Chao Li Mon, 02 Mar 2026 23:33:23 -0800

> On Mar 3, 2026, at 07:38, Melanie Plageman <[email protected]> wrote:
> 
> On Fri, Feb 20, 2026 at 12:59 PM Andres Freund <[email protected]> wrote:
>> 
>> On 2026-01-28 18:16:10 -0500, Melanie Plageman wrote:
>> 
>>> I could see an argument for moving identify_and_fix_vm_corruption()

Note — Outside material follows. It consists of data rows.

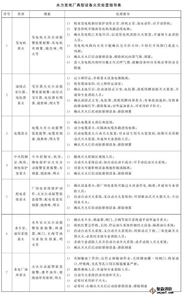 5、水力發(fā)電廠發(fā)生火災(zāi)時,值班人員應(yīng)及時進行火災(zāi)處置并報警,相關(guān)設(shè)備的火災(zāi)處置參見下表。
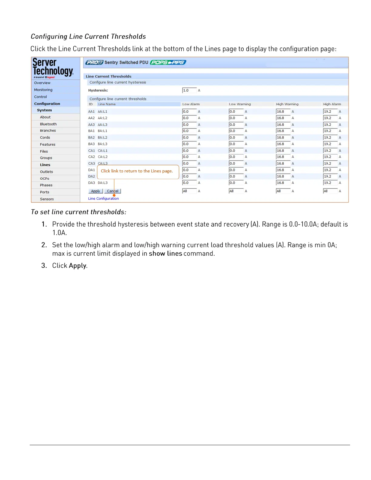 Server Technology PRO2 - Configuring Line Current Thresholds
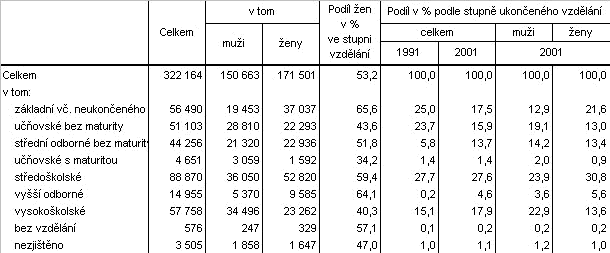 Vývoj za posledních deset let v oblasti vzdělání přesvědčivě vypovídá o růstu kvalifikovanosti obyvatel. V roce 2001 byli v populaci nejpočetnější skupinou obyvatelé se středním vzděláním s maturitou - jejich podíl činí 33,6%. Téměř 30% obyvatel má střední odborné vzdělání bez maturity (vč. vyučení). Ve struktuře této skupiny se projevily největší rozdíly za uplynulé desetiletí. Podíl učňovského vzdělání klesl z 23,7% v roce 1991 na 15,9% v roce 2001, proti tomu se výrazně zvýšil podíl obyvatel se středním odborným vzděláním bez maturity. V absolutních číslech odpovídá 18 117 obyvatelům s tímto vzděláním v roce 1991 plných 44 256 obyvatel se stejným vzděláním v roce 2001. Vysokoškolského vzdělání dosáhlo téměř 18% osob. O tom, že se úroveň vzdělání jednoznačně zvyšuje svědčí i to, že proti roku 1991 má podstatně méně obyvatel pouze základní vzdělání. Z hlediska pohlaví je vyšší podíl žen se základním vzděláním a úplným středním vzděláním s maturitou vč. nástavbového a vyššího odborného vzdělání.
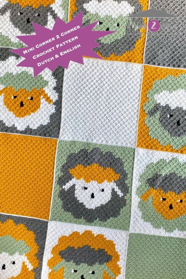 Ik ben een papieren Mini Corner to Corner / Mini Corner 2 Corner (Mini C2C) haakpatroon in het Nederlands of in het Engels. Ik besta uit 12 vierkanten in dezelfde kleurstellingen, maar dan net eventjes anders. Je kan mij hiermee ook zelf maken, zodat je ook een deken hebt, waar je onder kan kruipen.
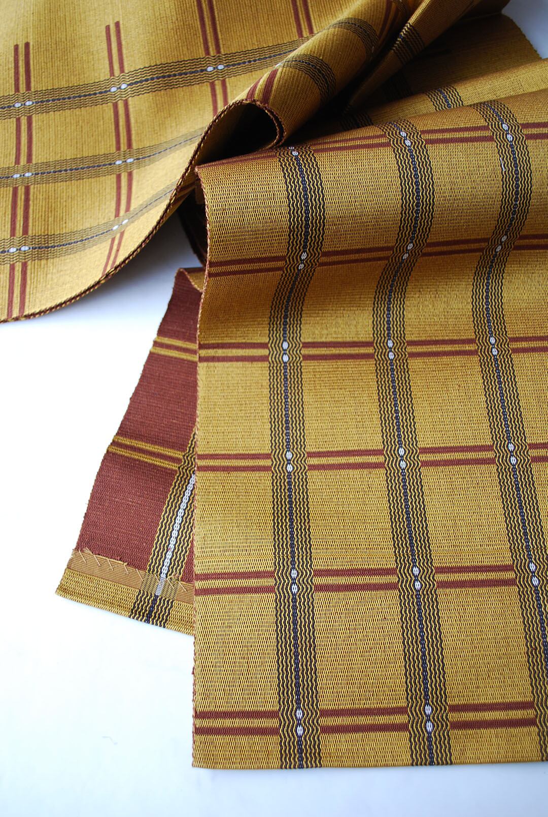 草木染めの自然な色合いと、しっかりとした織りの質感。

>>> out of the helper and into heap_page_prune_and_freeze() but then we'd
>>> have to move visibilitymap_get_status() out too. And that takes away a
>>> lot of the benefit of encapsulating all that logic.
>> 
>> I was wondering about that option. Relatedly, I also was wondering if we 
>> ought
>> to do identify_and_fix_vm_corruption() regardless of ->attempt_update_vm.
> 
> Attached v35 does this. I always pin the vmbuffer if we are going to
> prune in heap_page_prune_opt(). In many cases, because it's saved in
> the scan descriptor, it won't actually need to take a new pin. During
> pruning, I check for VM corruption even if I am not considering
> setting the VM.
> 
>>> Well, after this patch set, clearing the VM does happen before we emit
>>> WAL for pruning.
>> 
>> That I think is a substantial improvement, the current (i.e. before your
>> series) placement really is pretty insane due to the guaranteed divergence it
>> causes.
>> 
>> I wonder if we actually should just force an FPI whenever we detect such
>> corruption, that way it would reliably fixed on the standby as well.
> 
> Only problem is we would have to do an FPI of the VM page as well if
> we wanted the corruption to be reliably fixed on the standby.
> 
>>> It wouldn't be hard to move the corruption fixups to the beginning of
>>> heap_page_prune_and_freeze() in the new code structure.
>> 
>> As identify_and_fix_vm_corruption() needs lpdead_items, I'm not sure that's
>> true?
>> 
>> I wonder if at least the warning for the "(PageIsAllVisible(heap_page) &&
>> nlpdead_items > 0)" test should be moved to
>> heap_prune_record_dead_or_unused(). That way the WARNING could include the
>> offset number and it'd also work in the mark_unused_now case.
>> 
>> Perhaps it also should trigger for RECENTLY_DEAD, INSERT_IN_PROGRESS,
>> DELETE_IN_PROGRESS?
>> 
>> At that point the !page_all_visible && vm_all_visible part could indeed be
>> moved to the start of heap_page_prune_and_freeze()
> 
> I've done all this. There is heap page/VM corruption check at the
> beginning of heap_page_prune_and_freeze() and then checking for
> corruption during pruning in the previously covered case (lpdead
> items) as well as the mark_unused_now case, and
> RECENTLY_DEAD/INSERT_IN_PROGRESS/DELETE_IN_PROGRESS.
> 
>>> Would it be worth it? What benefit would we get? Do you just feel that it
>>> should logically come first?
>> 
>> One insanity is that right now we will process all frozen pages over and over
>> due to he skip pages threshold, wasting a *lot* of CPU and memory bandwidth.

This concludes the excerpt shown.